* Directions *
Each word in the data below should be copied exactly; the images should not.

Dataset excerpts
****************************************

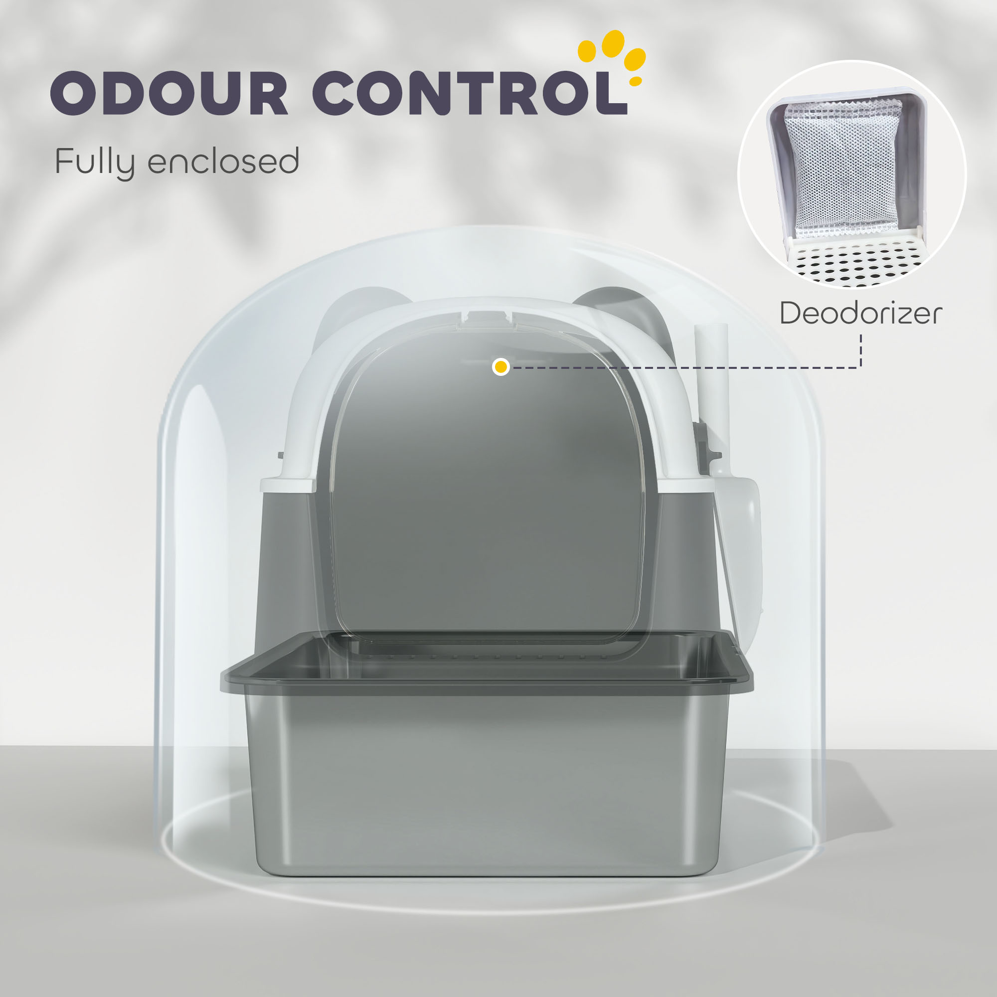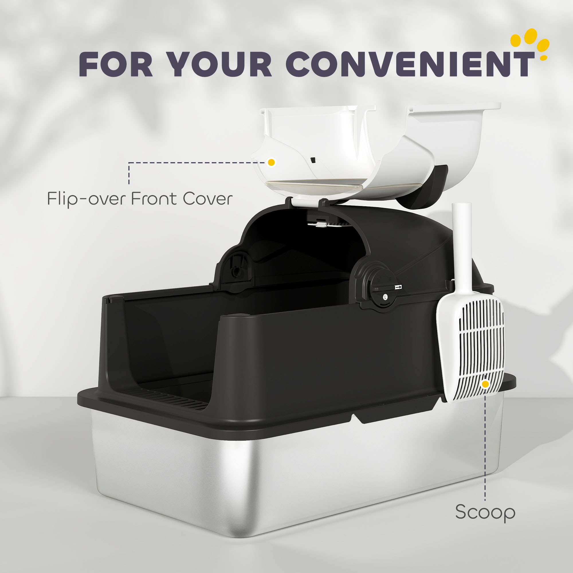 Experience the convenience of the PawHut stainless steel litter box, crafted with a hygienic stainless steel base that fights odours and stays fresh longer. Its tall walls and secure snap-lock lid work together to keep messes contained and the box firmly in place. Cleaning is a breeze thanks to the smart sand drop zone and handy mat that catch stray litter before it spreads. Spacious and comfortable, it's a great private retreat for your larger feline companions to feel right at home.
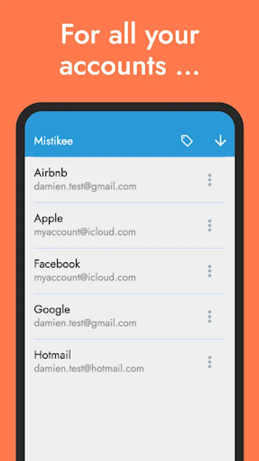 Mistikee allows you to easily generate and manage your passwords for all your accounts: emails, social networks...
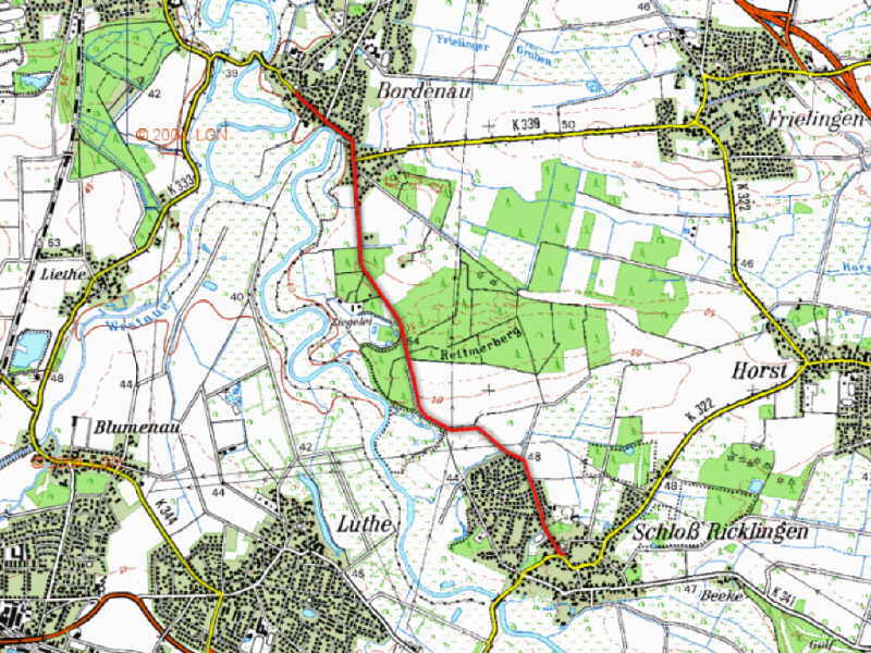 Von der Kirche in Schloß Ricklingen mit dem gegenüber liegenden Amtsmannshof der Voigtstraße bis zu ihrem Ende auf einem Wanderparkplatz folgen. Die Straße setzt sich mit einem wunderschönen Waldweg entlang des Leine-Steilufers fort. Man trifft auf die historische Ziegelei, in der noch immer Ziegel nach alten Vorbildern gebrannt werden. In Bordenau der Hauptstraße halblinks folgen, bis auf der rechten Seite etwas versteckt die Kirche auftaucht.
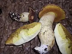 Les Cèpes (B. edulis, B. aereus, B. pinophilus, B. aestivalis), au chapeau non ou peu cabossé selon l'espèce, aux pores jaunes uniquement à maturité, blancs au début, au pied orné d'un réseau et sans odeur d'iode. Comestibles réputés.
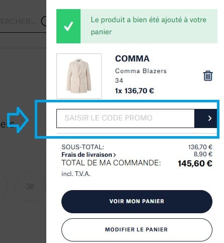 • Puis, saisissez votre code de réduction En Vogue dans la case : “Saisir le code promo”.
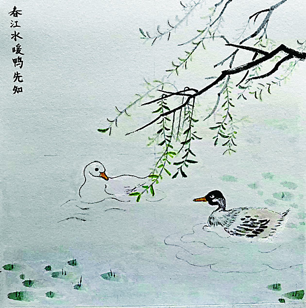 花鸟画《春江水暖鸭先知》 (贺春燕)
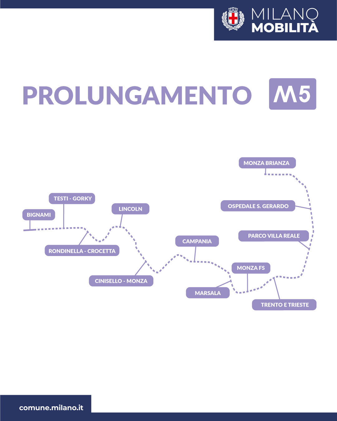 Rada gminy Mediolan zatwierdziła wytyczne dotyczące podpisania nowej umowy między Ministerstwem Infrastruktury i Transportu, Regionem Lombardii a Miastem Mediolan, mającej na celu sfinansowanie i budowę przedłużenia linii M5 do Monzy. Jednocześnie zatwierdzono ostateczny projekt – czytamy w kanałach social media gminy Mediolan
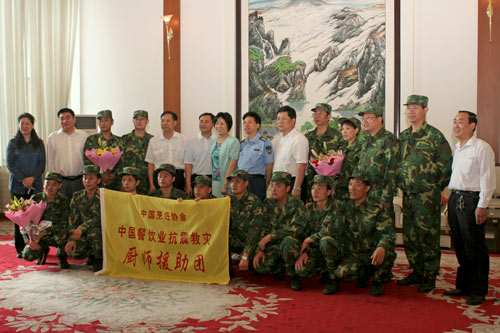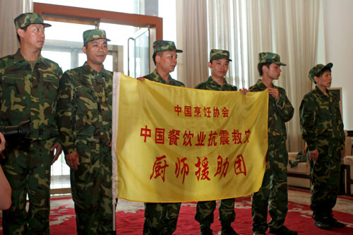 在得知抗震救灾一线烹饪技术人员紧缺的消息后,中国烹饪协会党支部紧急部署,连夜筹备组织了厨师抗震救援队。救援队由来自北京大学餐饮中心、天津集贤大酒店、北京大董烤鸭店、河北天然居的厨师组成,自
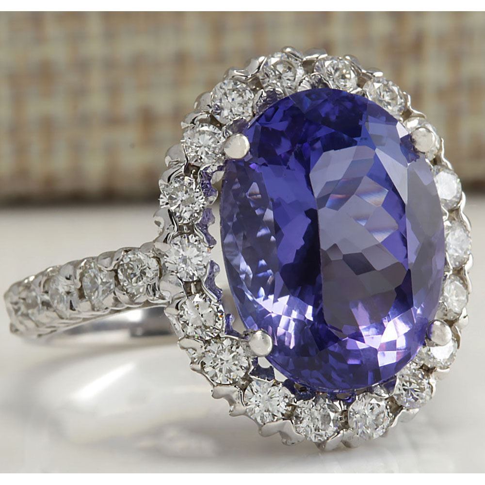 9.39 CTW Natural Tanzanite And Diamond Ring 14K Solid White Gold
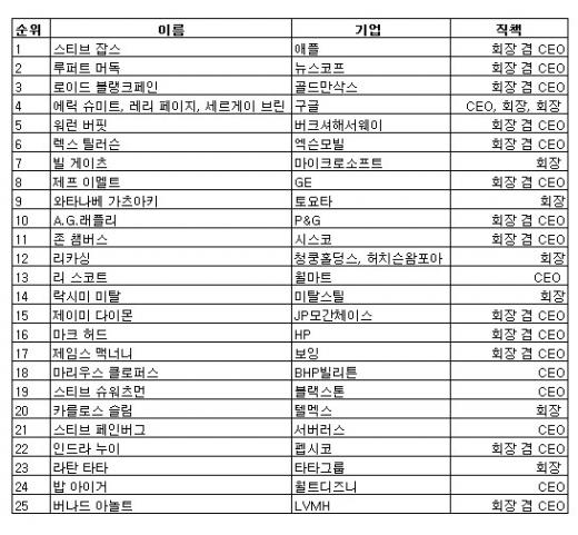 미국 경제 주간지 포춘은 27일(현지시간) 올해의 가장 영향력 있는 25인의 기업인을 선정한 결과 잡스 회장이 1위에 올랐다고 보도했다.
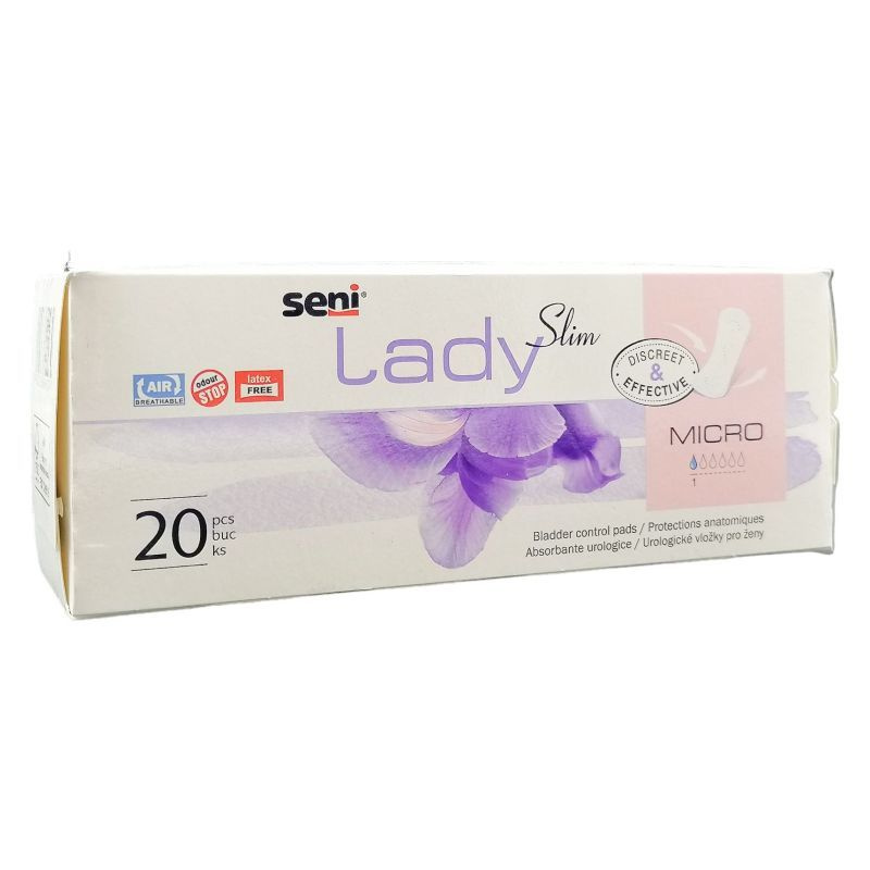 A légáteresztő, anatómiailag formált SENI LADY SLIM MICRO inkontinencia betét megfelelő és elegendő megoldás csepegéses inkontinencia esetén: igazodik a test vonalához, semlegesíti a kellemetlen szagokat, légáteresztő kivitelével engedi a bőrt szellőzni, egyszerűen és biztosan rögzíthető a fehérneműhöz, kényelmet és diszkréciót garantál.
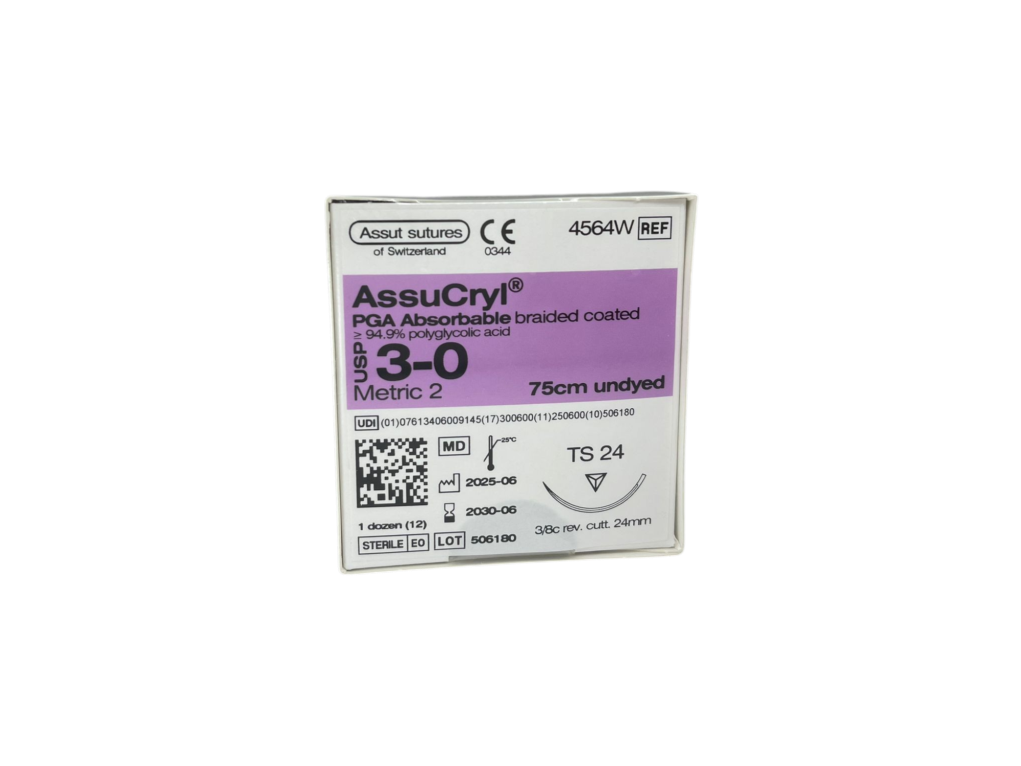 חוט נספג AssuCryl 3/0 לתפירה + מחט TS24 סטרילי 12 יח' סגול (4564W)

****************************************

* Answer to this task *
 Experience the convenience of the PawHut stainless steel litter box, crafted with a hygienic stainless steel base that fights odours and stays fresh longer. Its tall walls and secure snap-lock lid work together to keep messes contained and the box firmly in place. Cleaning is a breeze thanks to the smart sand drop zone and handy mat that catch stray litter before it spreads. Spacious and comfortable, it's a great private retreat for your larger feline companions to feel right at home.
 Mistikee allows you to easily generate and manage your passwords for all your accounts: emails, social networks...
 Von der Kirche in Schloß Ricklingen mit dem gegenüber liegenden Amtsmannshof der Voigtstraße bis zu ihrem Ende auf einem Wanderparkplatz folgen. Die Straße setzt sich mit einem wunderschönen Waldweg entlang des Leine-Steilufers fort. Man trifft auf die historische Ziegelei, in der noch immer Ziegel nach alten Vorbildern gebrannt werden. In Bordenau der Hauptstraße halblinks folgen, bis auf der rechten Seite etwas versteckt die Kirche auftaucht.
 Les Cèpes (B. edulis, B. aereus, B. pinophilus, B. aestivalis), au chapeau non ou peu cabossé selon l'espèce, aux pores jaunes uniquement à maturité, blancs au début, au pied orné d'un réseau et sans odeur d'iode. Comestibles réputés.
 • Puis, saisissez votre code de réduction En Vogue dans la case : “Saisir le code promo”.
 花鸟画《春江水暖鸭先知》 (贺春燕)
 Rada gminy Mediolan zatwierdziła wytyczne dotyczące podpisania nowej umowy między Ministerstwem Infrastruktury i Transportu, Regionem Lombardii a Miastem Mediolan, mającej na celu sfinansowanie i budowę przedłużenia linii M5 do Monzy. Jednocześnie zatwierdzono ostateczny projekt – czytamy w kanałach social media gminy Mediolan
 在得知抗震救灾一线烹饪技术人员紧缺的消息后,中国烹饪协会党支部紧急部署,连夜筹备组织了厨师抗震救援队。救援队由来自北京大学餐饮中心、天津集贤大酒店、北京大董烤鸭店、河北天然居的厨师组成,自
 9.39 CTW Natural Tanzanite And Diamond Ring 14K Solid White Gold
 미국 경제 주간지 포춘은 27일(현지시간) 올해의 가장 영향력 있는 25인의 기업인을 선정한 결과 잡스 회장이 1위에 올랐다고 보도했다.
 A légáteresztő, anatómiailag formált SENI LADY SLIM MICRO inkontinencia betét megfelelő és elegendő megoldás csepegéses inkontinencia esetén: igazodik a test vonalához, semlegesíti a kellemetlen szagokat, légáteresztő kivitelével engedi a bőrt szellőzni, egyszerűen és biztosan rögzíthető a fehérneműhöz, kényelmet és diszkréciót garantál.
 חוט נספג AssuCryl 3/0 לתפירה + מחט TS24 סטרילי 12 יח' סגול (4564W)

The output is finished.